While I was checking the worksheets at the end of class I was noticing that a few groups had “interesting” values for their cart masses on the final table of Unit 5.

• The mass values you put in the table derive from the accelerations you measure, not the spring scale measurements
• If you did things right then the Force column (the forces from the fan) should be the same for all cases where the same number of batteries were used.
• The masses you calculate this way are systematically wrong because you ignore friction.  But if they are wrong by more than about 20% then they are too wrong. (Later we’ll learn how to correct for the friction to get a better value.)
• If they are too wrong then check your method of calculation. The ratio of accelerations should be equal to the ratio of the total mass that is being accelerated. That means you have to do some algebra to solve for the mass of the fan-cart in terms of the bar’s mass.
• The question asking for g want the value implied by your data. If you measured the weight of the cart with a spring scale that weight would be in newtons. If you used to the spring scale and read the mass scale you have to use g = 9.8 N/kg to get the weight. Then you report another value of g  in the question which will be somewhat wrong because friction was ignored.
• If you find you just can’t get any reasonable values from your data then try to understand what’s wrong and explain your analysis of the issues. We don’t expect you to always get perfect results or to fudge your data and we don’t necessarily grade on the nearness of your answer to the “right” answer.

# Assignment Dates

There was an inconsistency in the assignment for Unit 5. Originally this unit was 3 sessions and the worksheets on force and motion were to be done over those three sessions.  Because of our short semester, and well-educated students, I have shortened unit 5 to 2 sessions but forgot to edit the assignment list and there was a reference to session 5-3. That’s fixed now and all the force-and-motion worksheets are due on Friday, Oct 1.

The general rule is that all the work from a unit is due on the first day of the next unit.

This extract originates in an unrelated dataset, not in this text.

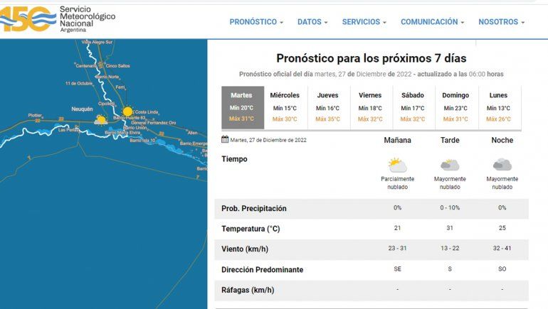 El Servicio Meteorológico Nacional (SMN) pronosticó para esta mañana cielo parcialmente nublado con una temperatura de 21 grados mientras que en horas de la tarde ascenderá a una máxima de 31 grados con cielo mayormente nublado con bajas probabilidad de precipitaciones. Hacia la noche se mantendrán las condiciones y la temperatura descenderá a los 25 grados. Habrá viento de intensidad variable en el Alto Valle.

The course schedule has the due dates on it too.  The only exception is that there was one extra day allowed for the 11 kinematics problems of Unit 4. The other thing is that on WebCT we recommend that you should do some of the assignments before the due date in order to be able to ask questions in class and to avoid starting too late.

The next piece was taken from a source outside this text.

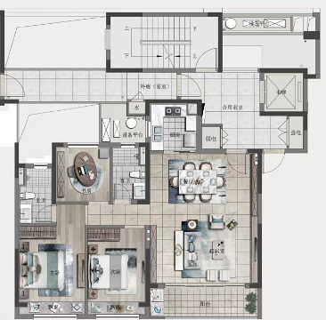 小区 | 公望公寓项目类型│公寓项目性质│精装全包项目面积│99㎡项目风格│现代装修公司 | 诚层装饰原始图方案布局图客厅:应客户要求,想要体现沉稳又现代年轻化的感觉,所以客厅采用1.2×2.4m奥斯卡灰大板瓷砖,沙发背景采用胡桃木色的木饰面,再加上无主灯的设计,从而提升整体的视觉感。厨房:厨房材质是选用带肤感台湾膜,除了能防污渍,手的触感也是绝佳的,优点在于易擦洗,给人清爽的视觉感。柜门使用的是

This may be a confusing because normally SFU classes have one assignment per week. I apologize, but this is the most logical way to do things for this course. We have a shorter semester than many universities in North America and we need to compress the schedule to cover all that needs to be covered in a semester.

# Another time, another place

When you try to fit real data with the Fundamental Kinematic Equation (FUNKE) you may run into an issue trying to estimate two parameters, x0 and v0, if the segment of data you’re trying to fit starts a long time after t=0.  That’s because x0 and v0 are the position and velocity the cart would have had at t=0 if the acceleration had been constant all the way back to t=0. So these values may be a little weird.  For example if you wait 5 seconds before starting the cart at the origin with a constant acceleration of +1 m/s/s, then x0 would be 12.5 m and v0 would be −5 m/s! — because that’s where the cart would have had to start, and the velocity it would have had, if it had started 5 seconds earlier and travelled with a constant acceleration all the time.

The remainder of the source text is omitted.